=== Section Start ===

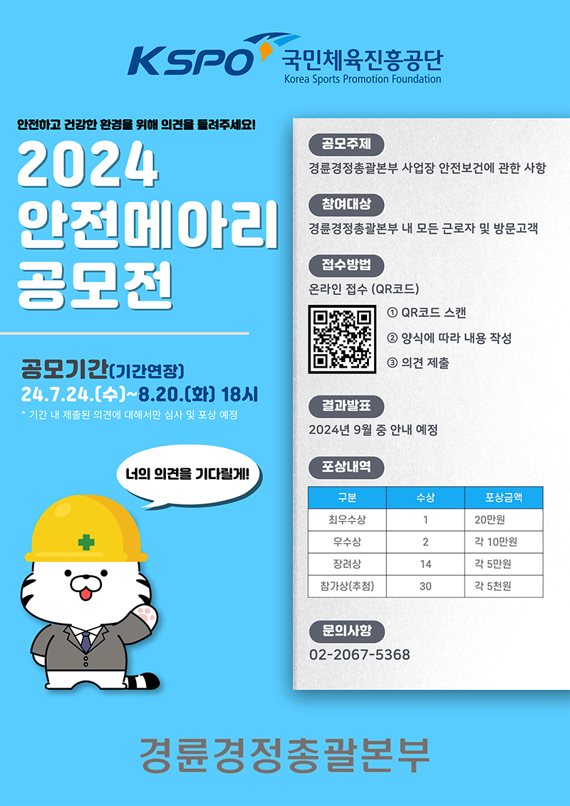 서울올림픽기념국민체육진흥공단(이사장 조현재) 경륜경정총괄본부는 ‘안전 메아리 공모전’을 실시한다.
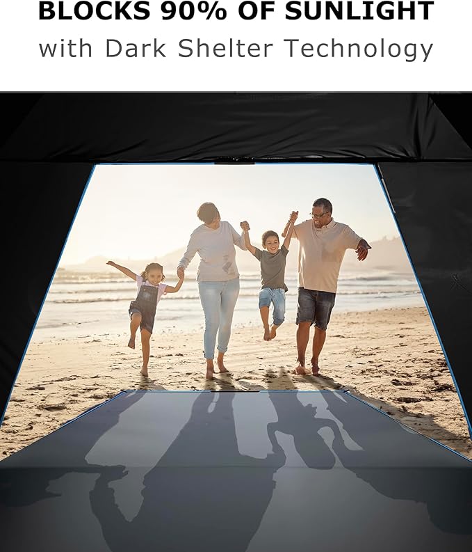 • [High-Quality Dark Shelter Coating Material] Venustas beach tents provide increased sun protection thanks to an innovative dark shelter coating material. With UPF 50+ UVProtection, it successfully blocks 99% of harmful UVA and UVB rays, reducing the risk of sunburn or harm, making it ideal for kids or adults lounging out. This ensures a cooler and more comfortable environment inside the tent.
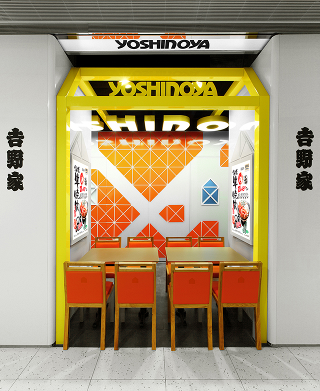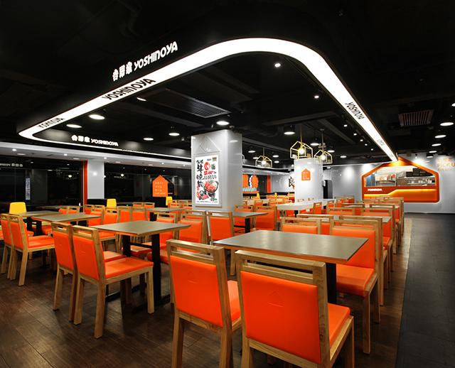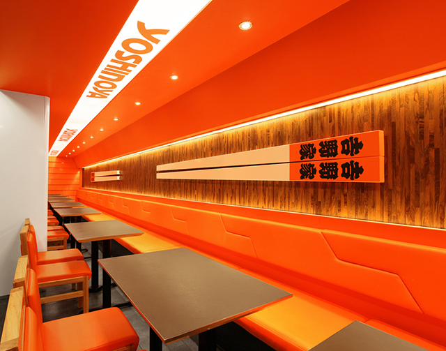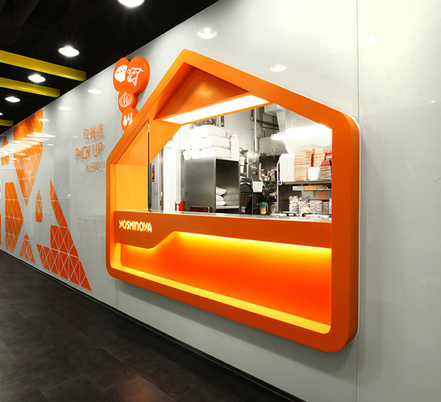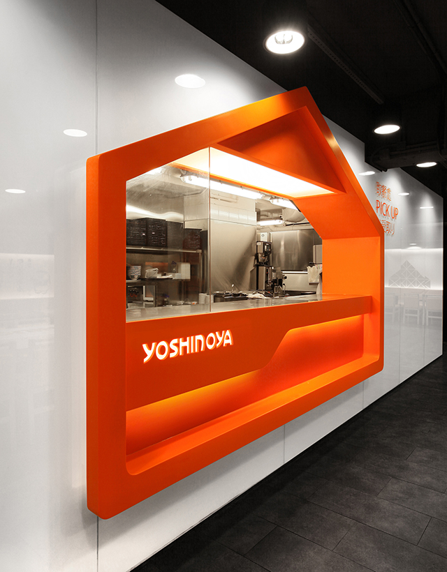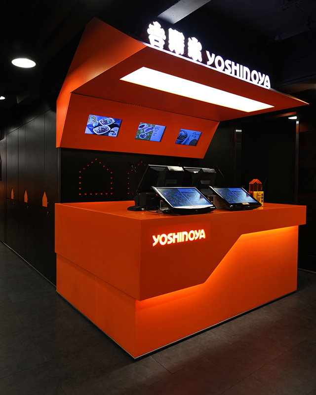 Alors que les marques mondiales de fast-food redesignent leurs restaurants pour éviter la perception de la standardisation et améliorer l’expérience de leur clients (cliquez ici pour découvrir le dernier restaurant de McDonald’s), en Asie l’approche radicalement opposée existe également. Yoshinoya est un parfait exemple de cette tendance d’utilisation systématique des codes de la marque: les dernières ouvertures de Hong Kong utilisent autant que possible le nom, le logo et les couleurs de la marque dans l’ensemble du restaurant. Et c’est finalement cette déclinaison obsessionnelle de la marque qui devient une expérience en soi, finalement agréable pour ses clients.

=== Section End ===

### [PROMPT]
Stop at the line containing "inside the tent." and include it. Everything from the first line of the material up to there is to be repeated exactly, leaving out pictures.

### [RESULT OF THE TASK]
 서울올림픽기념국민체육진흥공단(이사장 조현재) 경륜경정총괄본부는 ‘안전 메아리 공모전’을 실시한다.
 • [High-Quality Dark Shelter Coating Material] Venustas beach tents provide increased sun protection thanks to an innovative dark shelter coating material. With UPF 50+ UVProtection, it successfully blocks 99% of harmful UVA and UVB rays, reducing the risk of sunburn or harm, making it ideal for kids or adults lounging out. This ensures a cooler and more comfortable environment inside the tent.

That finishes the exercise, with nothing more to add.